SUPPLIED ENTRIES:
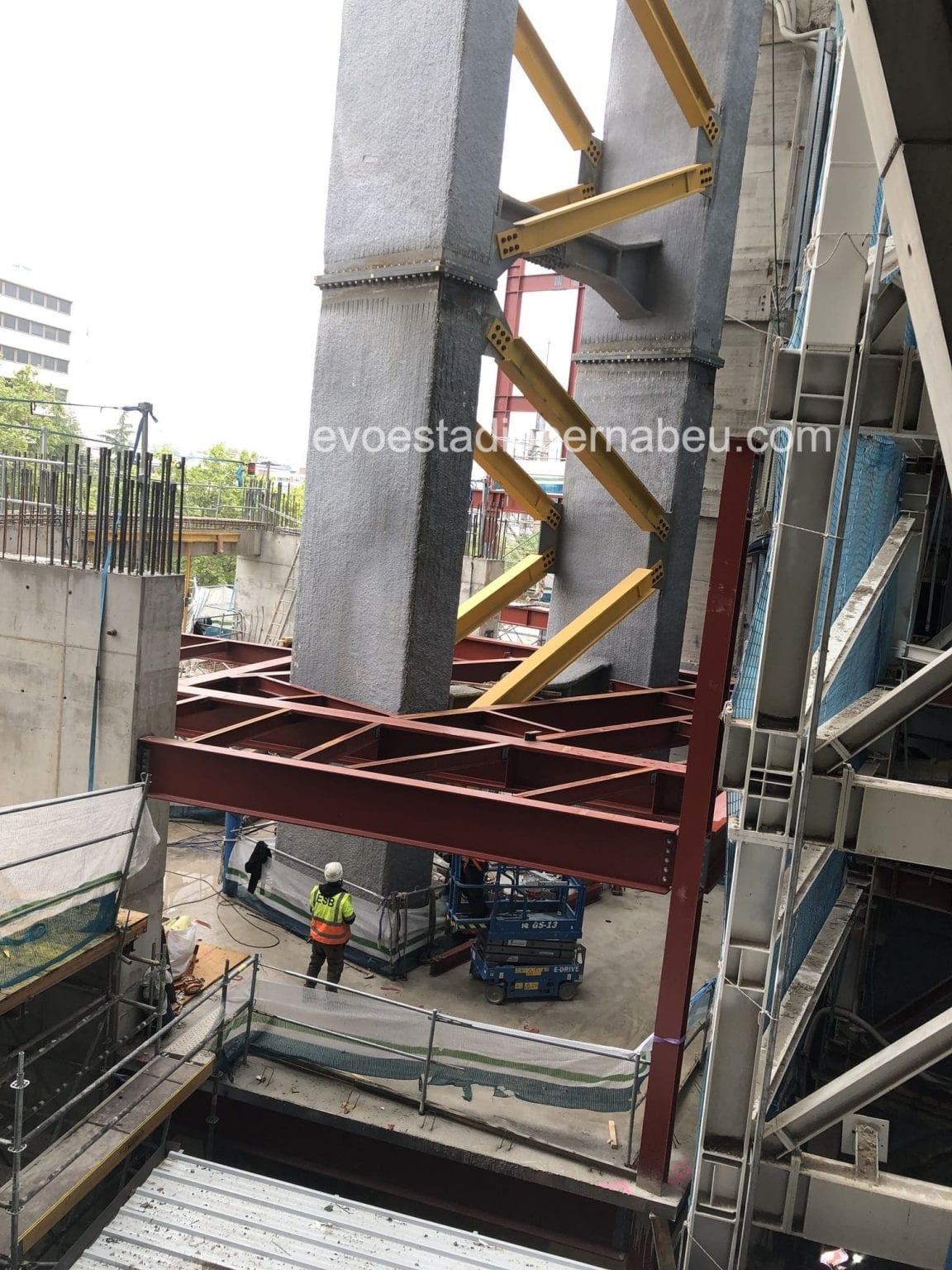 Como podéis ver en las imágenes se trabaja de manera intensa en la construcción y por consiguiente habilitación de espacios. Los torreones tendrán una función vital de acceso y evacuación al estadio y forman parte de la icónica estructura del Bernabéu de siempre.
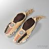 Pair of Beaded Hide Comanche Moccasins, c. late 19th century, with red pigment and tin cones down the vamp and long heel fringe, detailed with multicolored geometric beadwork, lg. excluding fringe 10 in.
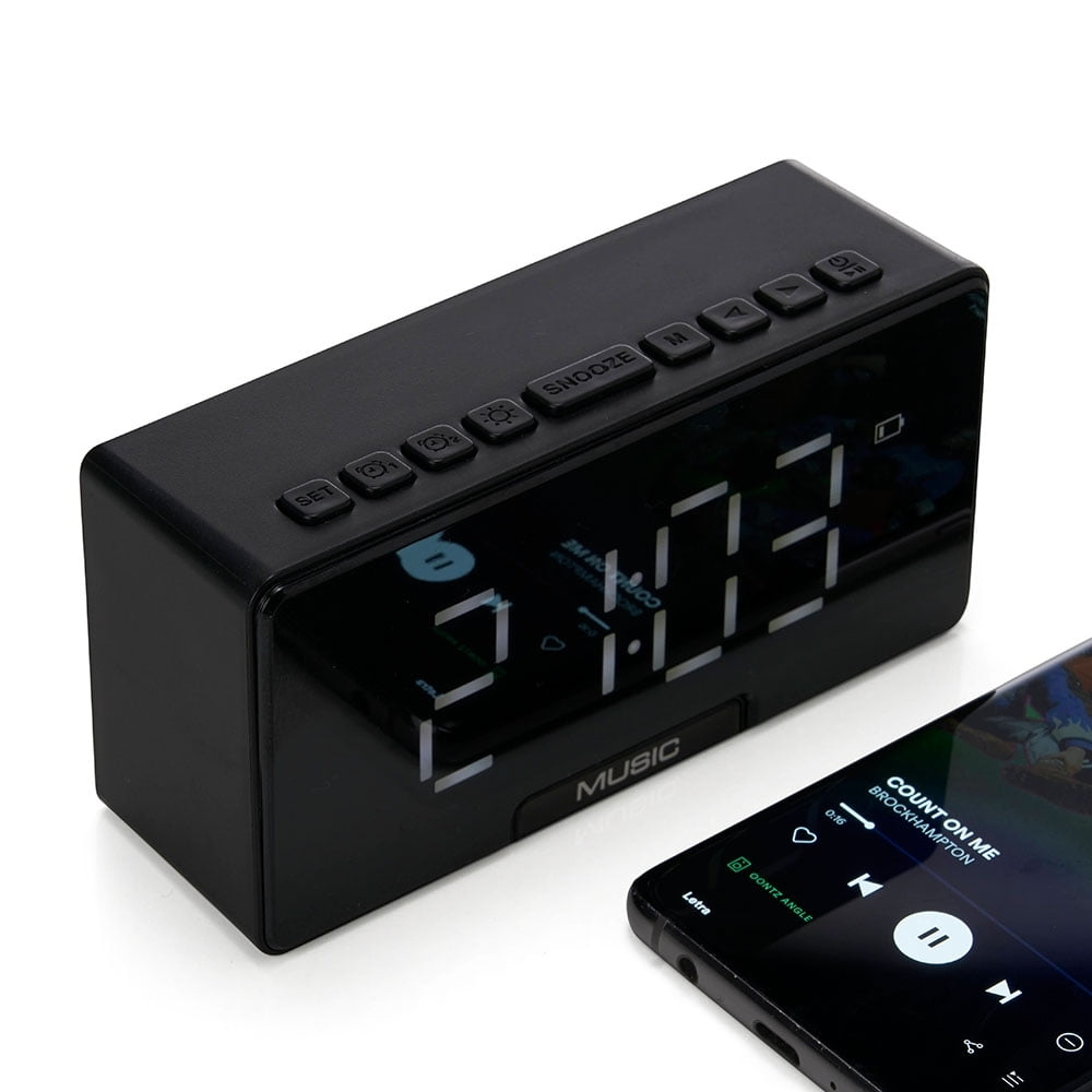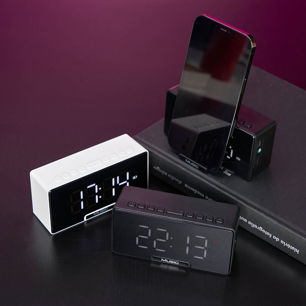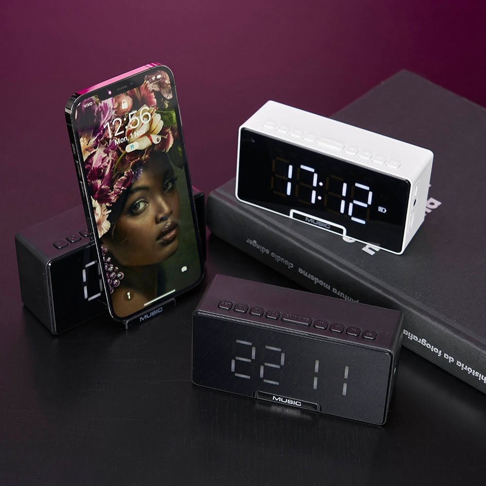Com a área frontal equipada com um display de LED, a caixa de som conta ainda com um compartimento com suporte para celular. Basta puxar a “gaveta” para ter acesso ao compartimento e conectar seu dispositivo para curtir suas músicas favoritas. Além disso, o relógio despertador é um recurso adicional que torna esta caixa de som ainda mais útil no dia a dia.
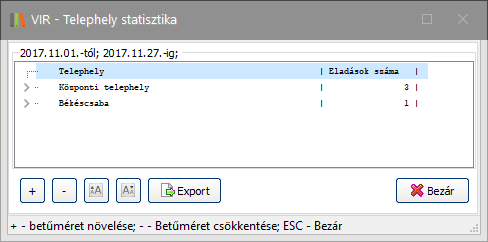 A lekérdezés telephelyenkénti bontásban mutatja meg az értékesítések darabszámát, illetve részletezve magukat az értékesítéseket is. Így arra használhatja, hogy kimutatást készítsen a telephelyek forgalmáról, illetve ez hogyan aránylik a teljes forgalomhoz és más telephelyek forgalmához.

* * *

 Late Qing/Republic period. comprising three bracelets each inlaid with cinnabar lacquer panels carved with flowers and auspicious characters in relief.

--

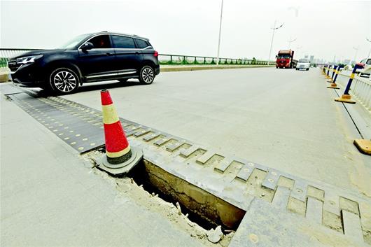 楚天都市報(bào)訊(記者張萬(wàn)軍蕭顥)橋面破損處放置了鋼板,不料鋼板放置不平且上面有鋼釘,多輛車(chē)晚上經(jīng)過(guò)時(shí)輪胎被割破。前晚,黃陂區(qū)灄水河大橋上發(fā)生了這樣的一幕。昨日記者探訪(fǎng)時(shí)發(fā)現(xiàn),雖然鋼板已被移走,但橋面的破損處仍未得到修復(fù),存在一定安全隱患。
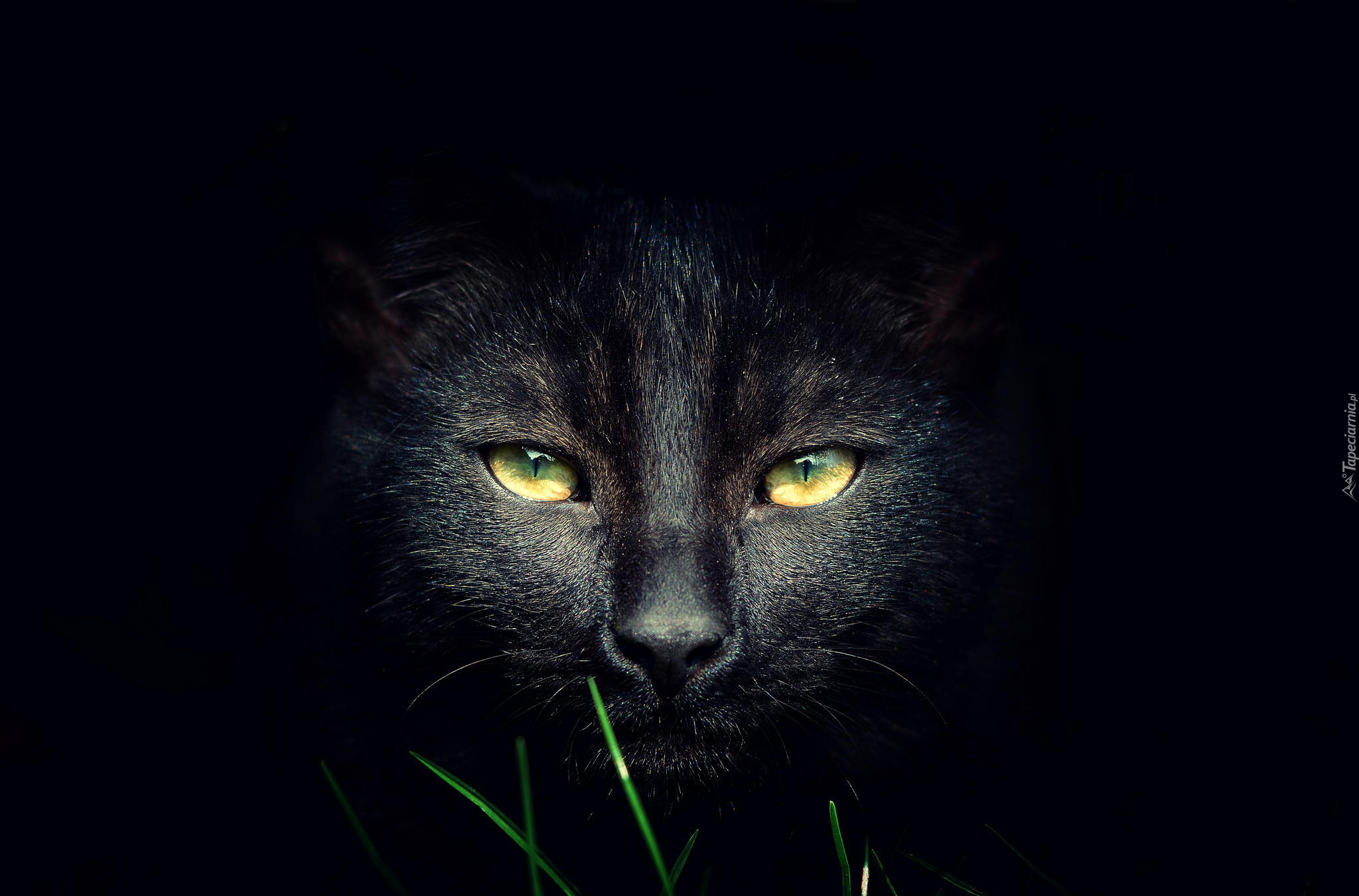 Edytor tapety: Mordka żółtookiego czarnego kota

REQUIRED WORK:
Pictures in the material above should be skipped; print exactly the lines from the one with "Com a área frontal" through the one with "A lekérdezés telephelyenkénti".

ANSWER TO THIS EXERCISE:
Com a área frontal equipada com um display de LED, a caixa de som conta ainda com um compartimento com suporte para celular. Basta puxar a “gaveta” para ter acesso ao compartimento e conectar seu dispositivo para curtir suas músicas favoritas. Além disso, o relógio despertador é um recurso adicional que torna esta caixa de som ainda mais útil no dia a dia.
 A lekérdezés telephelyenkénti bontásban mutatja meg az értékesítések darabszámát, illetve részletezve magukat az értékesítéseket is. Így arra használhatja, hogy kimutatást készítsen a telephelyek forgalmáról, illetve ez hogyan aránylik a teljes forgalomhoz és más telephelyek forgalmához.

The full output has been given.